What could have happened in 1909? Sadly, there doesn't yet seem to be any record of that last bit of still lost family history. There are still a few papers I just found in the box of photographs. Perhaps...

Now we have some questions about the old family legend.

It seems clear to me that great aunt Lucile knew about her father's ancestors. And thinking about it, it's not possible that Albert Roswell Edgett was truly forgotten. He just wasn't talked about, or admitted to; he was persona non grata. But why would the story be that no one remembered where he came from, or who his ancestors were, or anything about Edgetts? Was that easier than trying to explain the truth? For that matter, what was the truth? Why were Albert and Ada and their daughter on a trip one year, and separated the next?

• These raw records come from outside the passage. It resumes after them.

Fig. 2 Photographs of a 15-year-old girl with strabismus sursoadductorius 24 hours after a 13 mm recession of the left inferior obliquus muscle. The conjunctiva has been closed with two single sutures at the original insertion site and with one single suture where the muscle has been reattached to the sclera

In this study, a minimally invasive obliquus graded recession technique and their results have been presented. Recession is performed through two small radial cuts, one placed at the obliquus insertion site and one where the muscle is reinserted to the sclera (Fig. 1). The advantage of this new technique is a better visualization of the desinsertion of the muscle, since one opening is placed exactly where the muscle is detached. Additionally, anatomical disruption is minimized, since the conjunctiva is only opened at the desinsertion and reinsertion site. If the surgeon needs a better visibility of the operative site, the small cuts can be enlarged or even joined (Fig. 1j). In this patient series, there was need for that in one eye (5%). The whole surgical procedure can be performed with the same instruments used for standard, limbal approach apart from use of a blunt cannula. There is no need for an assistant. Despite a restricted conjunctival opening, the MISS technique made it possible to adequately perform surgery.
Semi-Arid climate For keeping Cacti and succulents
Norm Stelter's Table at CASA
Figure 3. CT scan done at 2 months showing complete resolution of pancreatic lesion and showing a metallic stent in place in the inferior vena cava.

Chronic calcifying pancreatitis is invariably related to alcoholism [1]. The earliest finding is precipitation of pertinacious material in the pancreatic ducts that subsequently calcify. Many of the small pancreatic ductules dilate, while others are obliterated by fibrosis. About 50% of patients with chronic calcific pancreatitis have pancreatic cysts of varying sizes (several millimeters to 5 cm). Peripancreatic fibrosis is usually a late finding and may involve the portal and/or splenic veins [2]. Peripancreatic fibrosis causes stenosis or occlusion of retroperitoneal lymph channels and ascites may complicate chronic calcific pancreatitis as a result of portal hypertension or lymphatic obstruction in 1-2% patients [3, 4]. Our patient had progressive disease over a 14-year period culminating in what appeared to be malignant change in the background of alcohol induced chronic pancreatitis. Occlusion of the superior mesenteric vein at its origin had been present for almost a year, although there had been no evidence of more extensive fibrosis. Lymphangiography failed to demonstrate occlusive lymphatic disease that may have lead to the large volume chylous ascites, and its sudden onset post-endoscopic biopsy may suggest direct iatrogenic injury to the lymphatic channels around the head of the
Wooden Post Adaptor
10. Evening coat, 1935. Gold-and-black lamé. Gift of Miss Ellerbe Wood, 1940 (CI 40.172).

If Albert was so reviled, why keep some record of him, why be answering a request for family information about his descendants? Was this link to the past a secret of great aunt Lucile's? The Pennsylvania Edgett Typescript's handwritten note directs Lucile to return it after filling it in. Yet it is in The Rescued Papers, all of which came from our older family members. Was it not returned? Did it go to some family member who then added it to the family's papers?

The legend was wrong in one great respect. Was any of it true? I suppose some of it was, in that my parents had no knowledge of the Edgett genealogy when I was younger. Yo learned something of it when she went to pick up the textiles. I'll always be disappointed that I never inquired about that, but feel that if she had learned anything other than that Lucile knew about Edgetts, Yo would have told me.

We'll probably never know about Lucile and the Edgetts, but I'm still hoping something more can be learned about Albert R.'s subsequent history, and about Albert and Ada's separation. In the meantime, The Lost Ancestor great grandfather Albert Roswell Edgett has been found.